Metamaterial thermopile beyond optical diffraction limit

A radiation thermopile detector that converts radiant thermal energy into electricity is capable of remote temperature measurement without the need for a cooling system. However, due to its operating mechanism, its active area needs to be larger than the wavelengths of thermal radiation, i.e. >10 mu m. Here, we report calculation results of a metamaterial thermopile that operates beyond the optical diffraction limit. The metamaterial thermopile has a physical active area of only seven square microns but absorbs thermal energy from the environment equivalent to that of a significantly larger detector owing to the large absorption cross-section of the metamaterial elements. The metamaterial absorbs thermal radiation emitted from the surrounding media, creating a thermal gradient across a silicon nanowire, resulting in thermoelectric conversion.
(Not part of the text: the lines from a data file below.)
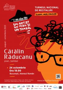 Marți, 24 octombrie, de la ora 19:00, pianistul Cătălin Răducanu va ajunge la Ateneul Român cu spectaculosul său recital ce încheie seria Turneului național Un artist, un pian și un țambal – clasic, jazz, folclor, primul său turneu solo în care a concertat în mai multe orașe mari și localități din țară, cântând cu egală măiestrie la pian şi la ţambal.
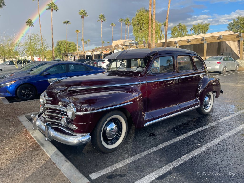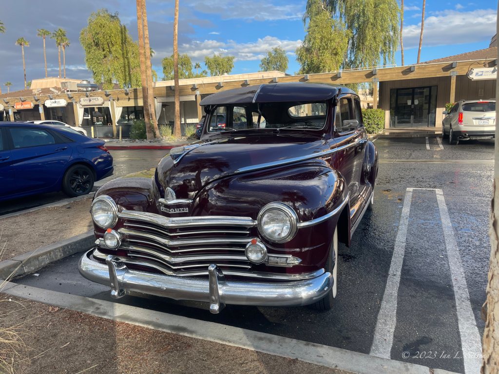 Parked in front of the Post Office this afternoon. I know it is a Plymouth Special De Luxe because that is what the emblems said on the car. 12-20-2023 Palm Springs California
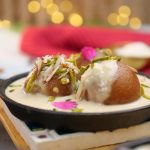 -Heated small cast iron pan mein gulab jamun,tayyar garam rabri,pista aur badam dal dein aur rose petal sa garnish ker ka serve karein!

We numerically evaluated the responsivity and specific detectivity of the metamaterial thermopile at temperature ranging from 273 to 373 K. The calculated specific detectivity of the metamaterial thermopile was 2.38 x 10(7) (cm center dot Hz(1/2)center dot W-1/2). This metamaterial thermopile that enables highly miniaturized thermometry sensors surpassing the optical diffraction limit, opens new avenues for microscale temperature measurement, leading to new discoveries in physics and thermodynamics.